Find parameters of a circular arc inscribed into isosceles triangle

Question

Let we have an isosceles triangle ABC where $AB=BC$.

How to find parameters of a circular arc that (1) pass through points A and C, (2) such as AB and AC are tangents to this arc.

The arc parameters we need are: $R$ - radius of a circle that produces arc, and $\alpha$ - arc angle.

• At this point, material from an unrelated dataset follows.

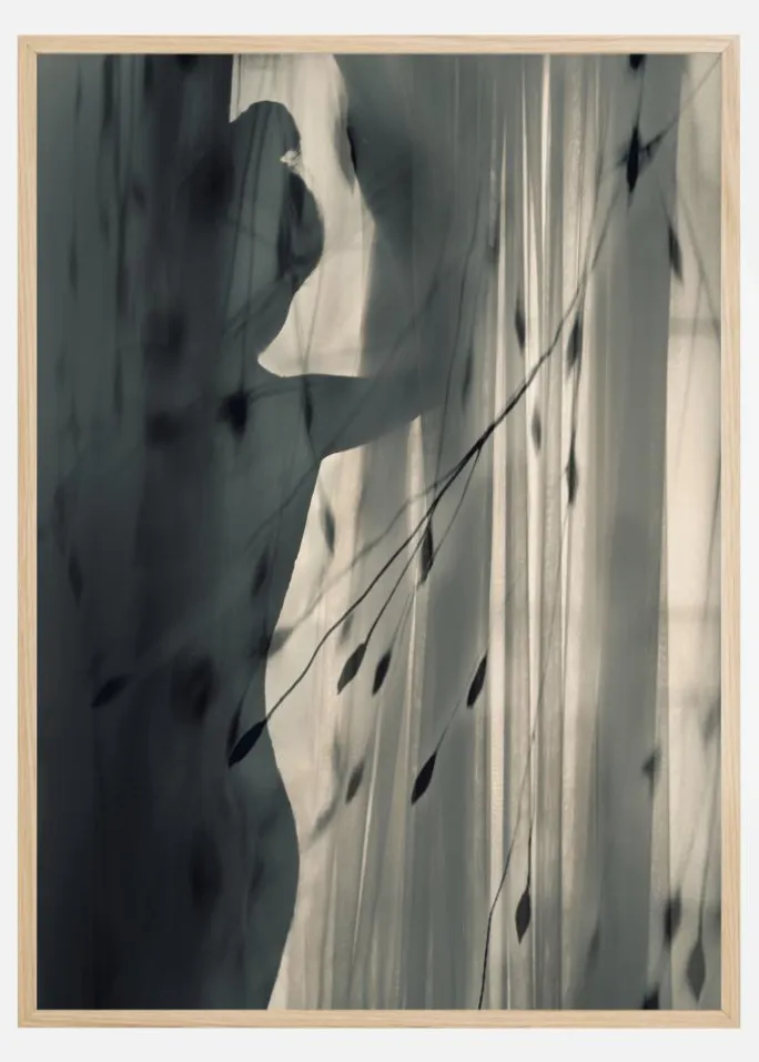 En portrætplakat af en person, der ser ud gennem et gardin mod omverdenen. Det bløde, gennemsigtige stof blæser hen over billedet, mens personens silhuet læner sig op ad vinduesrammen. Blødt lys udefra oplyser scenen lige nok til, at man kan se, hvad der foregår.

A possible solution can be to prolong the triangle sides and to find the circle inscribed into this bigger triangle that touches it into points $A$ and $C$. But how to deside to which length we nedd to prolong these sides?

Answer 1

In figure H is the foot of altitude BH, $AO=R$ is radius of circle and $\angle AOC=\alpha$. In right angle triangle BAH and AHO we respectively have:

$BH^2=c^2-(\frac b2)^2$

$HO^2=R^2-(\frac b2)^2$

In right angle triangle ABO we have:

$BH\times HO=AH^2=(\frac b2)^2$

Multiplying the first two relations we get:

$BH^2\times HO^2=(c^2-\frac{b^2}4)(R^2-\frac{b^2}4)=AH^4=\frac {b^4}{16}$

which finally gives:

$c^2R^2=\frac{b^2}4(c^2+R^2)$

which gives:

$R=\frac{bc}{\sqrt{4c^2-b^2}}$

In right angle triangle AOH we have:

$\sin \frac{\alpha}2=\frac {AH=\frac b2}{AO=R}$

substituting values we finally get:

$\sin \frac {\alpha}2=\frac12\sqrt{4-\frac{b^2}{c^2}}$